– Никакой, – перебила она Аддерли, – для Винтерсблада – никакой.
Джеймс замолчал, отложил вилку. Глаза его потемнели, как всегда бывало, когда он начинал злиться, челюсти сжались.
– Значит, в нём всё дело, – голос тихий, напряжённый, шелестящий. – И как долго? С перемирия? С мартовских переговоров? Или с ноября, когда ты так резво сбежала на одной ноге, ранив его в руку, а он не смог догнать? А, погоди, я знаю: с той тёмной истории над Свуер, верно?
– О чём ты говоришь, Аддерли?
Офицер показательно спокойно отложил салфетку, встал из-за стола и вышел. Чёткие шаги поднялись вверх по лестнице, в спальне скрипнула дверь шкафа. Спустя минуту он вернулся, бросил на колени Скади рубашку.
– Это же его, да?
– А я, по-твоему, должна была приехать из другой страны в рваном кителе поверх белья?
– Тогда зачем её хранить? Чтобы вернуть при случае? Скажи мне правду, Грин.
– Ты думаешь, что я была с тобой, приняла твоё предложение, всё это время обманывая тебя?
– Ты обманывала себя, Грин. А это ещё хуже. И до сих пор продолжаешь.
– Ты бредишь, Джеймс!
– Я всё знаю, Скади! – повысил голос Аддерли. – Я всё знаю, – обошёл вокруг стола, сел на своё место; поставив локти по бокам от тарелки, сцепил пальцы в замок. – Я работаю на тайную полицию.
– Что-о-о?!
У Скади словно выдернули из-под ног землю. Пришлось даже схватиться руками за край стола: показалось, что она падает вместе со стулом.
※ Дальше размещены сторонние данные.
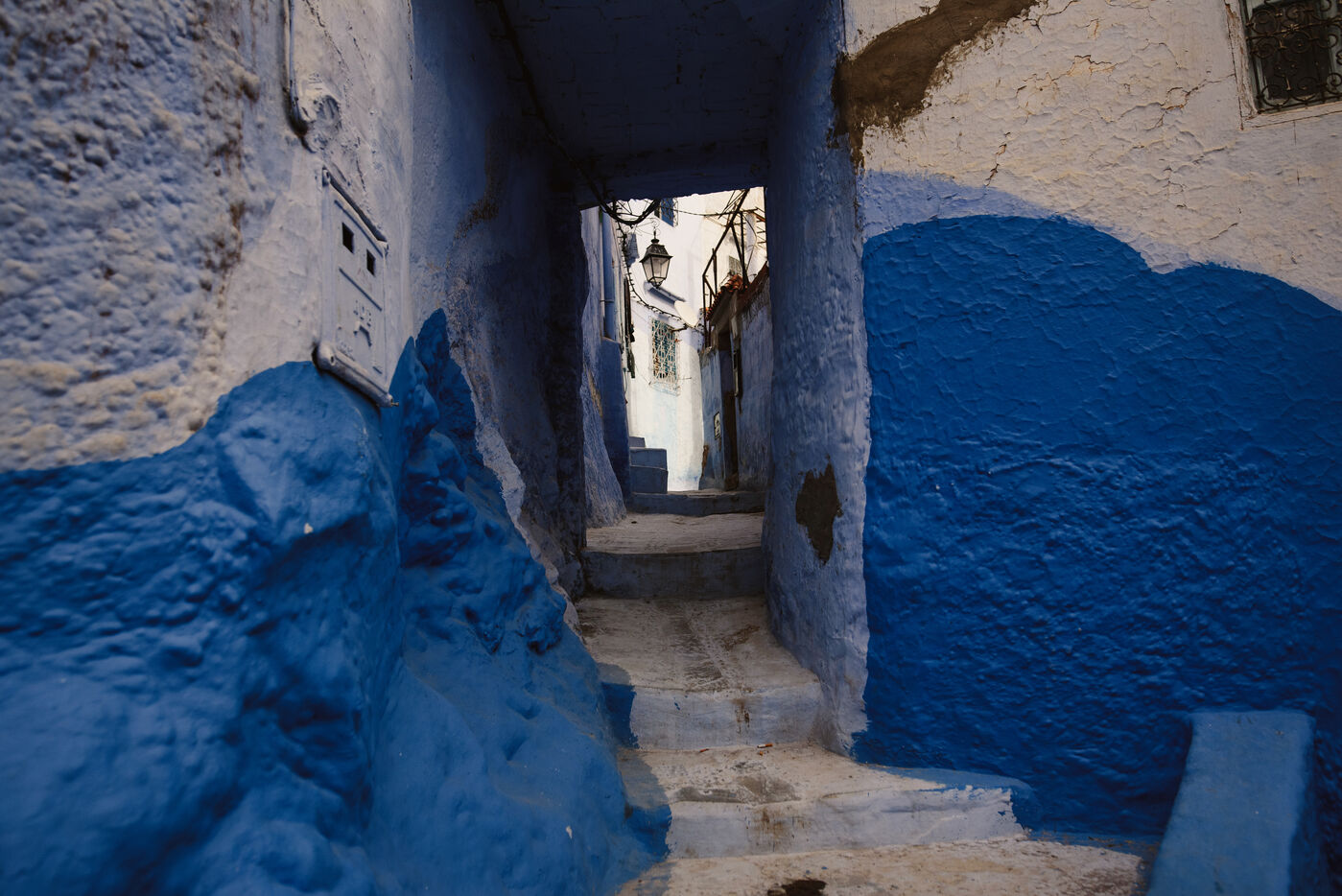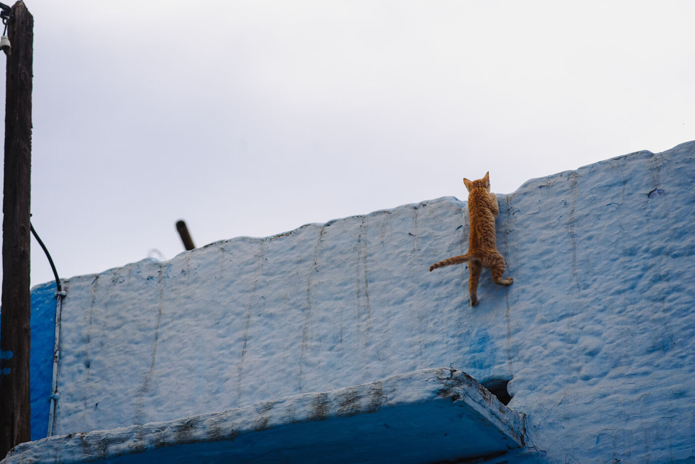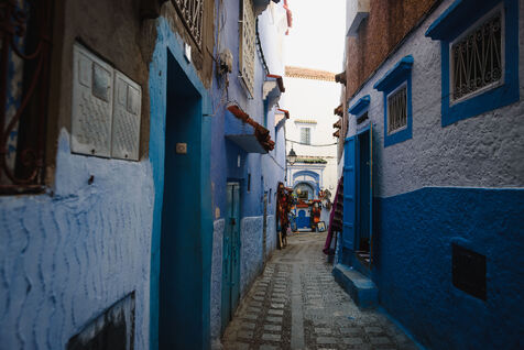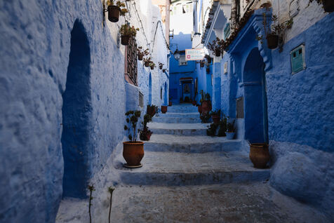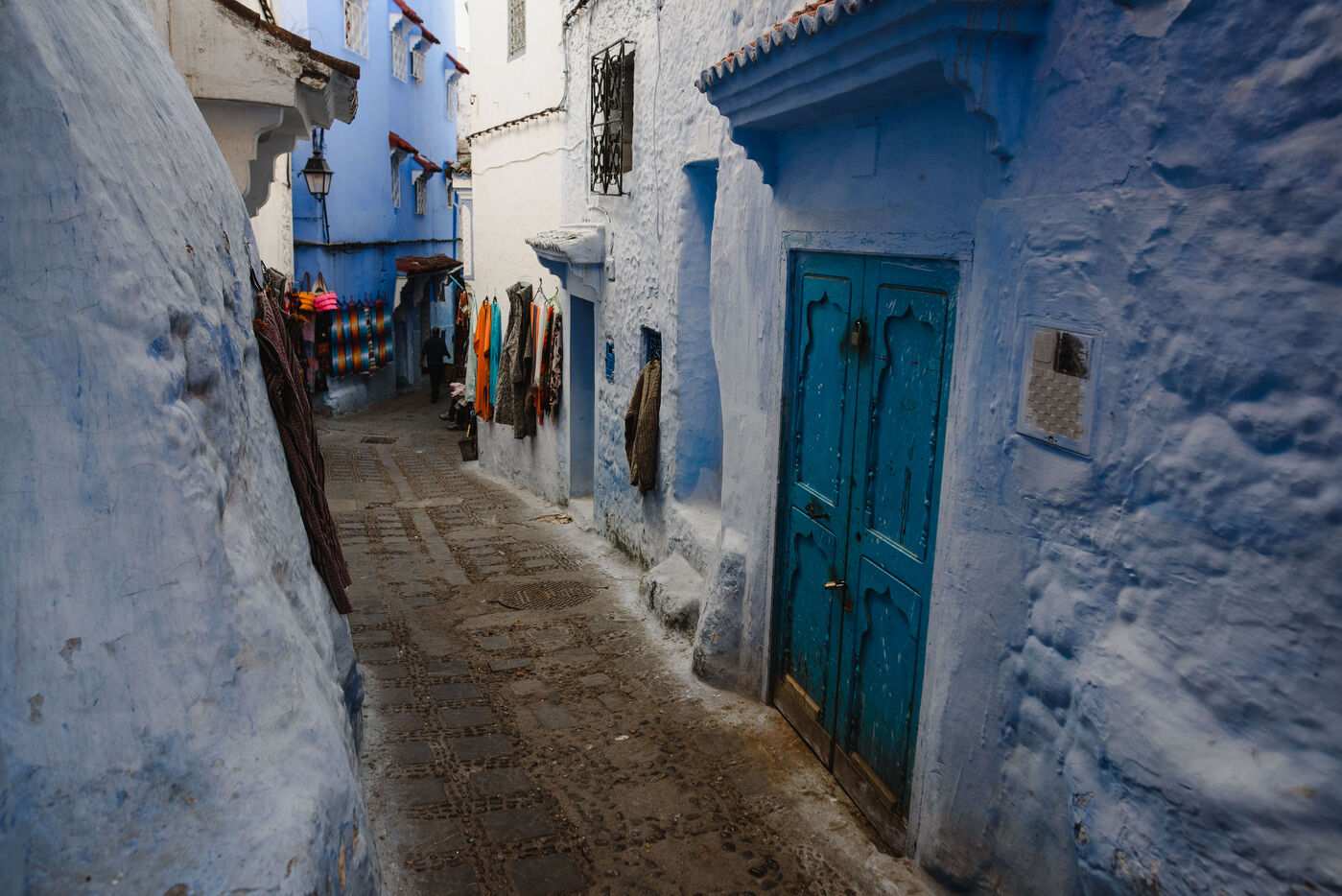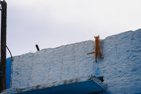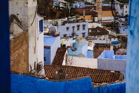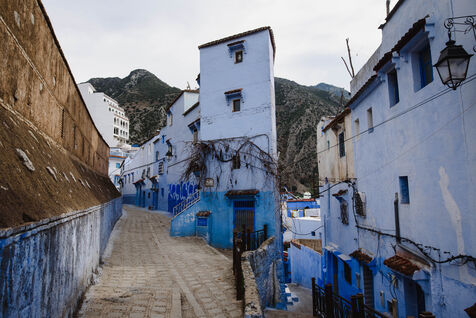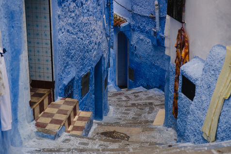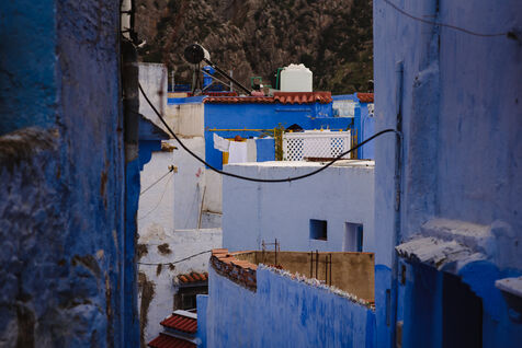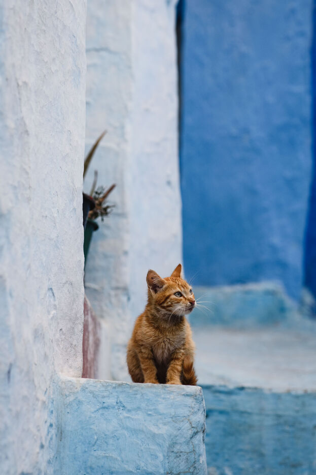 Maroc, Chefchaouen, 09-02-24. Chefchaouen, appelée aussi la ville bleue, se niche dans les hauteurs des montagnes du Rif, dans le Nord-Est du Maroc. Entre ses facades peintes d'un camaieu de bleu, les ateliers de tissages et les nombreux chats qu'on y croise, Chaouen dégage une ambiance quasi onirique. Sa médina très charismatique fait le bonheur des touristes, qu'on croise bien souvent l'appareil photo à la main.

– Давно, Скади, ещё с академии. И завербовал меня твой отец. Перед своей гибелью. А ты думала, всё это просто совпадения? То, что после Свуер тебя не допрашивали. То, что с тобой сейчас были так ласковы. То, что после твоего спасения со сломанной ногой тебя не заподозрили в связях с ОНАР. Я не дал ходу информации о следах на снегу, ведущих обратно к Распаду, которые обнаружил подобравший тебя дозорный. Я догадывался, что он опять спас тебя. Но не понимал зачем. Вчера я допрашивал его. И всё встало на свои места.
Скади сидела бледная, почти белоснежная, лишь аквамариновые глаза блестели на строгом лице непролившимися слезами. Она смотрела на разбитые руки Джеймса и не могла оторвать от них взгляд.
«За меня бы, наверное, и в половину так не переживала, как за этого, дрянь!»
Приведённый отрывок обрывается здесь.